The 500ms threshold is a deliberate tail-latency line, not a median line. A p50 of 500ms would be alarming; a p99 of 500ms is the point at which the worst-served queries start to be felt. Read this card alongside Query Latency p50 (ms) and Query Latency p95 (ms) to see the full shape of the distribution.
Worked example
A platform team runs a self-managed ClickHouse cluster serving an internal analytics product. Snapshot taken on 14 Apr 26 at 14:20 BST, shortly after a new dashboard shipped.| Percentile | Value | Reading |
|---|---|---|
| p50 | 38 ms | Typical query is fast; the median is healthy. |
| p95 | 210 ms | The 95th percentile is at the p95 card’s own threshold (200ms): borderline. |
| p99 | 840 ms | Amber. The slowest 1% of queries are crossing 800ms. |
- The median is healthy, so this is not a cluster-wide slowdown. If the whole instance were starved (CPU, memory, disk I/O) the p50 would have risen too. It did not, so the cause is a subset of queries, not global pressure.
- The gap between p95 and p99 is large. p95 at 210ms but p99 at 840ms means the tail is fat: a small number of queries are far slower than the rest. This is the signature of a few expensive queries, not a uniform regression.
- The new dashboard is the prime suspect. It shipped just before the regression. Tail latency that appears alongside a deploy almost always traces to a new query pattern: a missing index condition, a full-scan filter, or an aggregate over an unpartitioned range.
- p99 is the tail, and the tail is where users feel pain. A great median hides slow outliers. Always watch p99 for interactive workloads; the median alone will lull you.
- A wide p50-to-p99 gap means a few bad queries, not global pressure. If the whole distribution rises together, suspect resource saturation. If only the tail rises, hunt for the specific slow query.

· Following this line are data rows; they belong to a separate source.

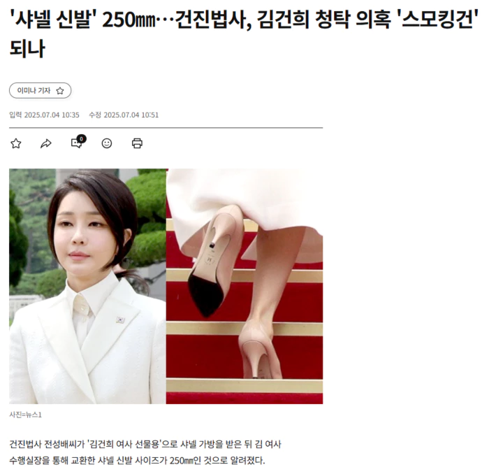 김 여사의 평소 신발 사이즈와 비교해 본다면 해당 신발을 비롯한 샤넬 제품들이 김 여사에게 전달됐을 거라는 정황으로 판단될 수 있다는 분석이다. 지난 3일 CBS노컷뉴스 보도에 따르면 김건희 특검팀(민중기 특별검사)이 최근 남부지검으로부터 전달받은 전씨 관련 수사 기록에 전씨가 교환한 샤넬 신발의 사이즈 정보가 담겼다. 하지만 신발 사이즈가 비슷하다는 사실 만으로 김 여사 유죄를 입증할 결정적인 증거가 되기 어렵다는 반론도 나오는 상황이다. 앞서 김 여사 키가 작아도 160대 후반, 최대 170이라는 추측이 나왔다. 윤석열 전 대통령과 함께 해외 출국하던 당시 모습을 보면 김 여사의 구두 사이즈가 비교적 큰 편임을 알 수 있다. 일반적으로 168cm의 여성은 작으면 240에서 최대 250 사이즈를 신는 것이 보통이다. 하지만 이는 브랜드별로 상이하기 때문에 스모킹건이 될지는 미지수다. 검찰은 김건희 여사 수행비서 유경옥 전 대통령실 행정관이 2022년 4월에 건네받은 샤넬백은 다른 모델의 가방과 신발로, 7월에 받은 샤넬백은 또 다른 가방 2개로 각각 교환한 정황을 확인했다. .. 후략 ..
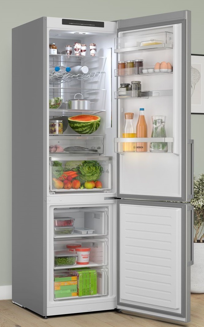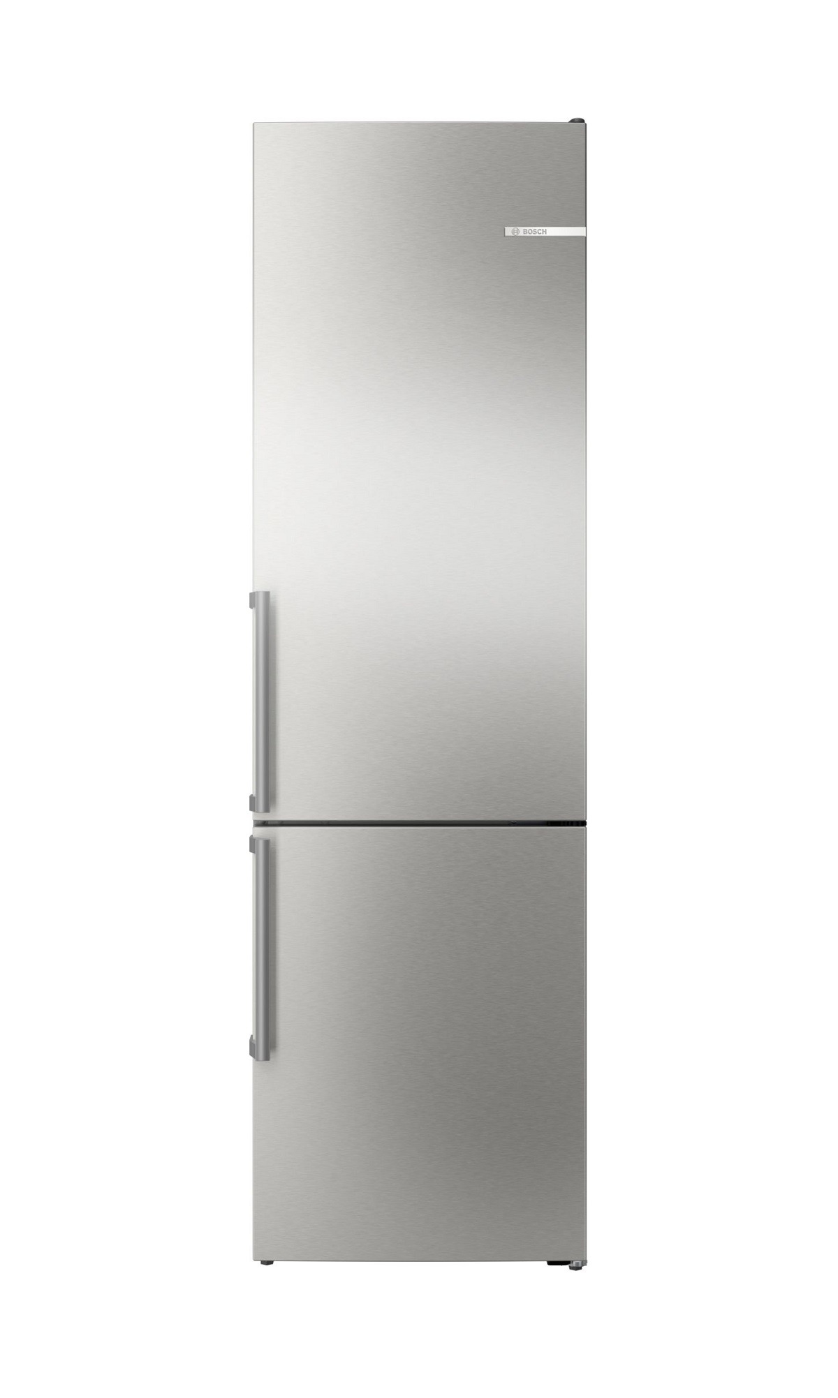 Frigorífico combi Bosch, Puertas Acero antihuellas, 203 x 60 cm. Tecnología NoFrost MultiAir Flow. Clase A, cajon 0°C. Tecnología Inverter. Posibilidad de unión de dos aparatos con el accesorio de unión correspondiente. Tirador de aluminio exterior
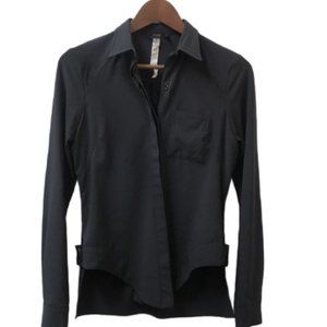 Sleek black button down shirt. Classic collar. Long sleeves. Perfect for versatile styling.
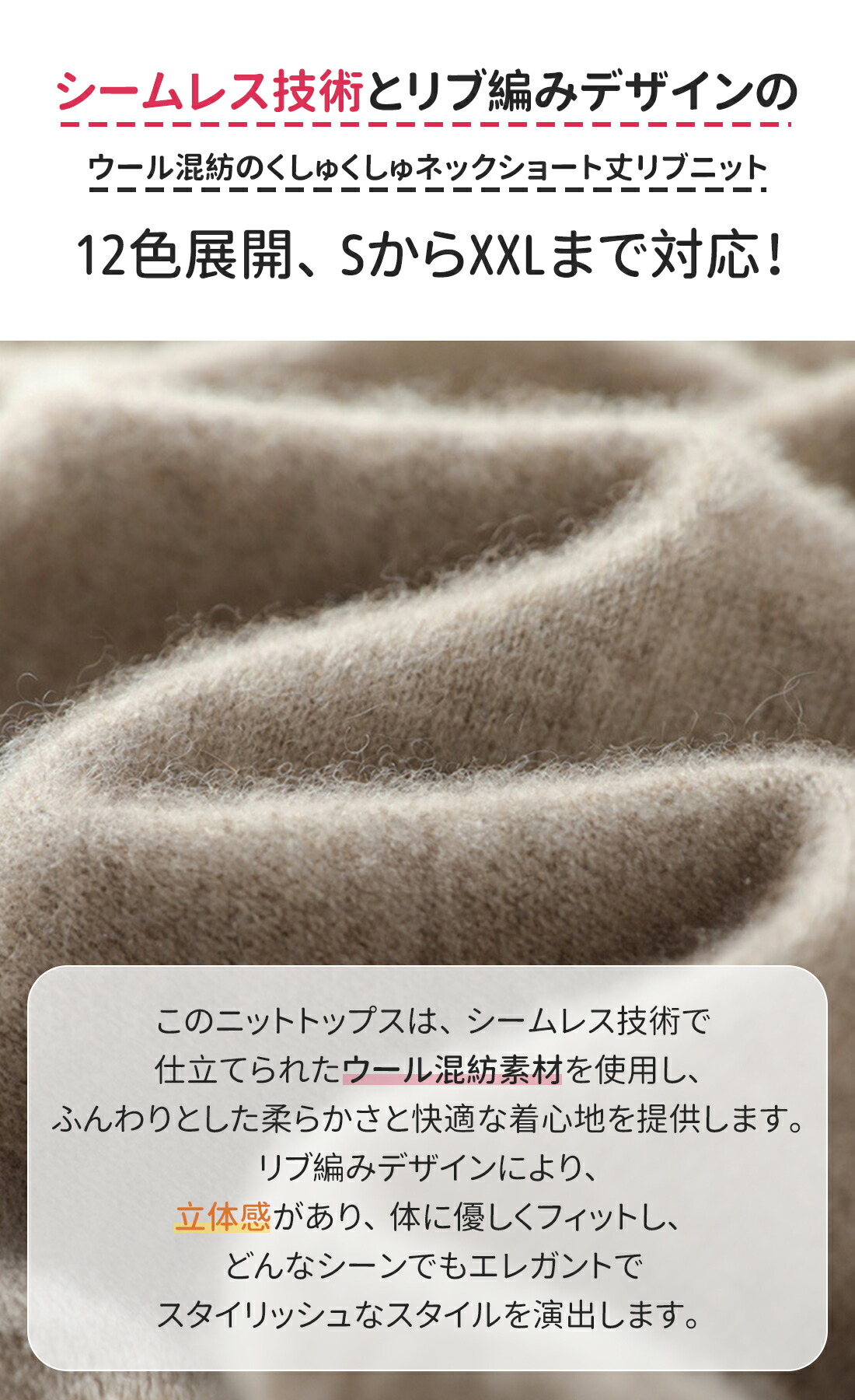 シームレス技術とリブ編みデザインのウール混紡のくしゅくしゅネックショート丈リブニット - 12色展開、SからXXLまで対応!
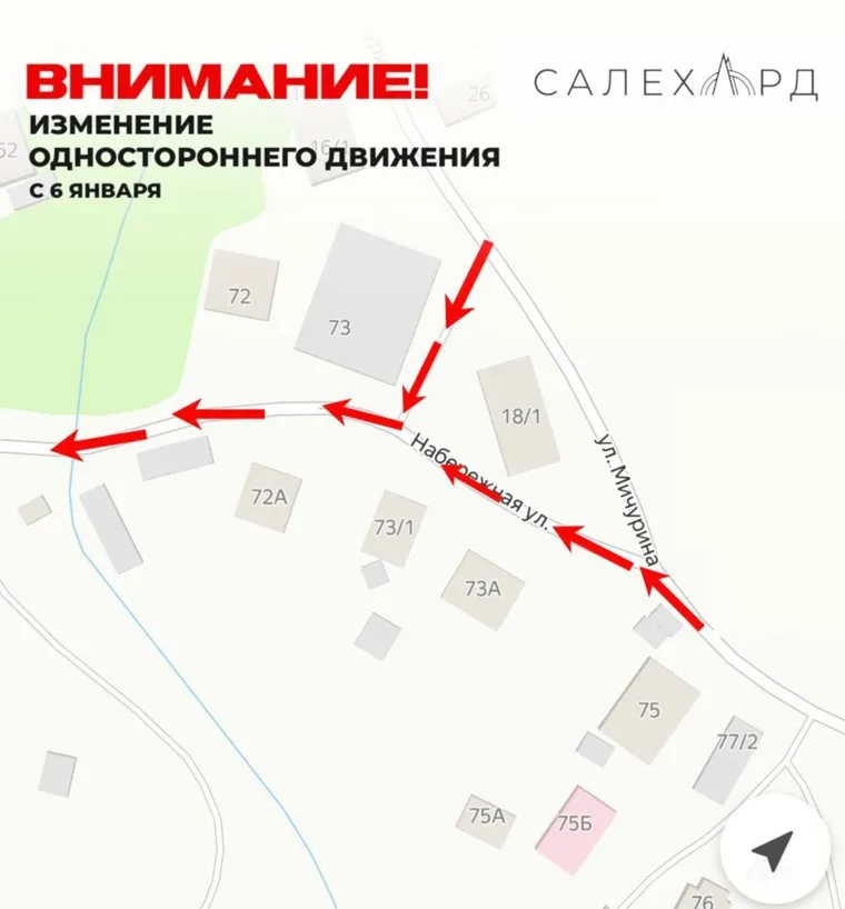 «Уважаемые Салехардцы, меняется схема одностороннего движения на улице Набережная. Будьте внимательны при планировании маршрута», — рассказали в telegram-канале администрации.
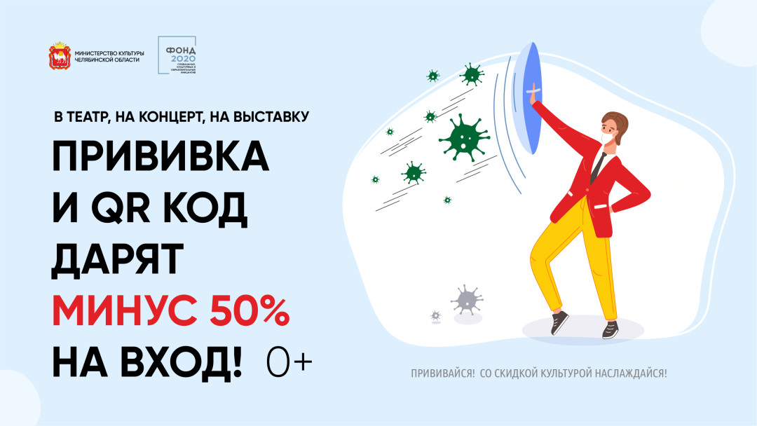 Спецпредложение запустило региональное Министерство культуры. В списке шесть театров Челябинской области: театр кукол, Молодежный театр, театр оперы и балеты, Камерный, театр драмы и златоустовский театр «Омнибус». Также 50% скидку на свои мероприятия предоставят Челябинская филармония, мультимедийный исторический парк «Россия — Моя история», исторический музей Южного Урала и музей изобразительных искусств.

- Tail spikes that coincide with a deploy are almost always a new query pattern. Check
system.query_logfor the slowest queries in the window and align their filters to the table’s sort key.
Sibling cards
| Card | Why pair it with Query Latency p99 | What the combination tells you |
|---|---|---|
| Query Latency p95 (ms) | The next percentile in. | A wide p95-to-p99 gap means a fat tail (a few very slow queries); a narrow gap means a uniform shift. |
| Query Latency p50 (ms) | The median, the other end of the distribution. | p50 flat with p99 rising equals a few bad queries; p50 and p99 rising together equals global pressure. |
| Slow-Query Rate % | The count-based view of slowness (queries over 1s). | High p99 plus high slow-query rate confirms the tail is widening, not just one outlier. |
| Top 10 Slowest Queries | The drill-down: which exact queries make up the tail. | The slow queries here are the ones driving the p99. |
| Failed Queries (24h) | Slow queries often precede timeouts and exceptions. | Rising p99 then rising failures equals queries crossing their timeout ceiling. |
| Memory Usage % | Heavy aggregates that blow the tail also pressure memory. | High p99 plus high memory equals expensive aggregates; consider spilling settings or query limits. |
| ClickHouse Health Score | The composite that weights tail latency. | A sustained p99 breach pulls the composite down. |
Reconciling against the source
Where to look in ClickHouse’s own tooling:Run the same percentile query againstWhy our number may legitimately differ from a manual query:system.query_logfromclickhouse-client:Inspect individual slow queries with the full-row form (addread_rows,memory_usage, andqueryto the select). For currently running queries useSELECT elapsed, query FROM system.processes ORDER BY elapsed DESC. On ClickHouse Cloud, the samesystem.query_logquery works in the SQL console, and the managed service surfaces a query-latency panel in its monitoring view.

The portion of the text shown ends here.